CINGLANTE LA RÉPLIQUE ANTICIPÉE D'ALPHA CONDÉ
Propos de Macron sur l’Afrique
Pas une déclaration, aucune réaction. Les chapelles présidentielles n’ont pas tinté les cloches de l’indignation. Dans un silence coupable, à la limite approbateur, les chefs d’Etat africains, les organisations régionales ou sous-régionales n’ont signé aucun communiqué regrettant ou recadrant les propos condescendants d’Emmanuel Macron sur la démographie galopante qui freinerait le développement de l’Afrique. La seule réponse d’un officiel africain est à retrouver en amont du G20. Habitué ces derniers temps à des diatribes sur l’ingérence colonialiste de la France, Alpha Condé a apporté une réplique anticipée au président français. Morceaux choisis.
Le tollé médiatique des propos d'Emmanuel Macron est à la hauteur des réactions d'indignation et de condamnation sur les réseaux sociaux. Répondant aux questions d'un journaliste ivoirien lors du sommet du G20 en Allemagne, Emmanuel Macron avait fait le lien entre le sous-développement de l'Afrique et l'explosion démographique sur le continent dans des propos qui rappellent le discours de Dakar de Nicolas Sarkozy.
Macron voit la démographie en Afrique comme un «défi civilisationnel»
«Le défi de l'Afrique, il est totalement différent. Il est beaucoup plus profond, il est civilisationnel aujourd'hui. Quels sont les problèmes en Afrique ? Les États faillis, les transitions démocratiques complexes, la transition démographique qui est, je l'ai rappelé ce matin, l'un des défis essentiels de l'Afrique. Quand des pays ont encore aujourd'hui 7 à 8 enfants par femme, vous pouvez décider d'y dépenser des milliards d'euros, vous ne stabiliserez rien», a analysé Emmanuel Macron, ce samedi 8 juillet.
Face à ses propos qualifiés en chœur de «racistes» par la presse anglo-saxonne, aucune grimace, aucun mot de Macky Sall, le président sénégalais, ou d'Alpha Condé, le président en exercice de l'Union africaine, qui encaissent le coup et ne pipent pas. Pire, au lendemain de cet «affront» contre le continent, aucun chef d'Etat ou haut responsable africain n'a répondu au président français.
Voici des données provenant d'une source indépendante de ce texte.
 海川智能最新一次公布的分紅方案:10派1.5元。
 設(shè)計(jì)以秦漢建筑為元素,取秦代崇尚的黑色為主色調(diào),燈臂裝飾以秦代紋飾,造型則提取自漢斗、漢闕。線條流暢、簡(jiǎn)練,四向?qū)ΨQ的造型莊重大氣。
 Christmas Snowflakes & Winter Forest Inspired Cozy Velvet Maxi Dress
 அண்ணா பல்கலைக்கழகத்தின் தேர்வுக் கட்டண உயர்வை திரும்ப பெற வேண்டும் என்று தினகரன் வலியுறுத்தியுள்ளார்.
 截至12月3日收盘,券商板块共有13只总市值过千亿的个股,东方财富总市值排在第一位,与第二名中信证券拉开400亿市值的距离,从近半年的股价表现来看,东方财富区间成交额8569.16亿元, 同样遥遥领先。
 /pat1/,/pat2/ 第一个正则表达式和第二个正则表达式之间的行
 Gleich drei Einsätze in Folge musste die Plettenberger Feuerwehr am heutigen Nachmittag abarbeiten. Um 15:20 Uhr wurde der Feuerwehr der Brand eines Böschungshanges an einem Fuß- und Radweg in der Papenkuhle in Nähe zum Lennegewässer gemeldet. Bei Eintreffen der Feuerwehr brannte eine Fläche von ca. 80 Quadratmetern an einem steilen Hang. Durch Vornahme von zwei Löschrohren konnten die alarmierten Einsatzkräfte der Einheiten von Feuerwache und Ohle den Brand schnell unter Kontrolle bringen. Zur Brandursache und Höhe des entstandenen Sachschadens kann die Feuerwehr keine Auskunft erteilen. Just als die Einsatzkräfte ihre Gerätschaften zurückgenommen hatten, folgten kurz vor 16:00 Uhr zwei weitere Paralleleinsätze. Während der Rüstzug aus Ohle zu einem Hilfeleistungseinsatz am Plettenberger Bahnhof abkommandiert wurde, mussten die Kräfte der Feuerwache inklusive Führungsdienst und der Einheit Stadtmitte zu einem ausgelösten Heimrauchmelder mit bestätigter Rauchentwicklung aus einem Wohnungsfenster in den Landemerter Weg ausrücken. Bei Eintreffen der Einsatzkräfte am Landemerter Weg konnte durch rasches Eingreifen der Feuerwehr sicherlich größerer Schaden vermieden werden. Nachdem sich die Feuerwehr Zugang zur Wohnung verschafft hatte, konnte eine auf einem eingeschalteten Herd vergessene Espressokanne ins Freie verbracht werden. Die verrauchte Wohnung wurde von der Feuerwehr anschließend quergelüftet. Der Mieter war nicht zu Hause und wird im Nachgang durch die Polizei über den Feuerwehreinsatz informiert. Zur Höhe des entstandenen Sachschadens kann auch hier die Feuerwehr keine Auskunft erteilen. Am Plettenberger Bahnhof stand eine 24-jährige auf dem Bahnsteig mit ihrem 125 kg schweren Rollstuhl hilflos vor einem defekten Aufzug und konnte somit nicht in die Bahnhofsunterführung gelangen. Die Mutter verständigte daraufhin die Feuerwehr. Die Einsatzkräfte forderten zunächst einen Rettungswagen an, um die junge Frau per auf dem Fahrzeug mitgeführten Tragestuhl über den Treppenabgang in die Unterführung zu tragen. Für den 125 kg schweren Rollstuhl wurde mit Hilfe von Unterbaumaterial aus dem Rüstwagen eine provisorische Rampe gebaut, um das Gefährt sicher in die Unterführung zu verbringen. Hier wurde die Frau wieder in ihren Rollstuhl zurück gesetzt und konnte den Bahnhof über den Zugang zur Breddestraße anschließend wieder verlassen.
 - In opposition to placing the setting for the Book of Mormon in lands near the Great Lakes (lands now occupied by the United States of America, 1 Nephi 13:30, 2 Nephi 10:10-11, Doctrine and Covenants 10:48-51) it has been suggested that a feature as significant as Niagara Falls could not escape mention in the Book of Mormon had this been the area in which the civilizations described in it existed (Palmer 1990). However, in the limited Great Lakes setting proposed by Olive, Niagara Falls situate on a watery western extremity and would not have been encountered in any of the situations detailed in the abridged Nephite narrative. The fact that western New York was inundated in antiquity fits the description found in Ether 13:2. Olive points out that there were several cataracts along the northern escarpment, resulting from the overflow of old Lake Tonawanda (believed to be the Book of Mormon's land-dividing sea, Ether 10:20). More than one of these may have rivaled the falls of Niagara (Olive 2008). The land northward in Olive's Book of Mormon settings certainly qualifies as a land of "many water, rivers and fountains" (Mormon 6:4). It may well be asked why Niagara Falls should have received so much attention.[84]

Comme une prémonition, le silence du président guinéen, pourtant hôte du sommet où les propos de Macron ont été prononcés, s'expliquerait peut-être par cette réponse anticipée lors du Forum panafricain de la jeunesse à N'Djamena au Tchad. En réponse à une phrase de Youssouf Abassalah, le ministre tchadien de la Jeunesse sur la démographie africaine, Alpha Condé pioche un CD dans son armoire à disques anticolonialiste.
Alpha Condé avait déjà anticipé et répondu à cette vision «macronienne»
«Quand vous parlez de démographie galopante, c'est du Malthusianisme, c'est contre l'Afrique. Aujourd'hui, les autres continents nous envient notre démographie, parce que ce sont des peuples vieillissants. Notre jeunesse est notre avantage. Donc, nous devons nous approprier notre propre langage en fonction de ce que nous voulons pour l'Afrique», a fait savoir le président guinéen.
Sur les causes du retard de l'Afrique, l'analyse du chef de l'Etat guinéen est très différente. Emmanuel Macron évoque au G20, «la route des trafics, multiples, qui nécessitent des réponses en termes de sécurité (trafic de drogues, trafic d'armes, trafic humains, trafic de biens culturels)», ainsi que «le terrorisme islamiste», comme les autres causes du sous-développement.
Alpha Condé estime lui que si l'Afrique est en retard c'est à cause de «l'esclavage qui a vidé l'Afrique de ses forces vives les plus jeunes» et qui l'a empêché d'«être au rendez-vous de la révolution industrielle». Un retard qui sera rattrapé, plaide le président guinéen, en investissant sur la jeunesse, l'électricité. Autant de chantiers sur lesquels le président de l'Union africaine est attendu lors de son mandat à la tête de l'agora africaine.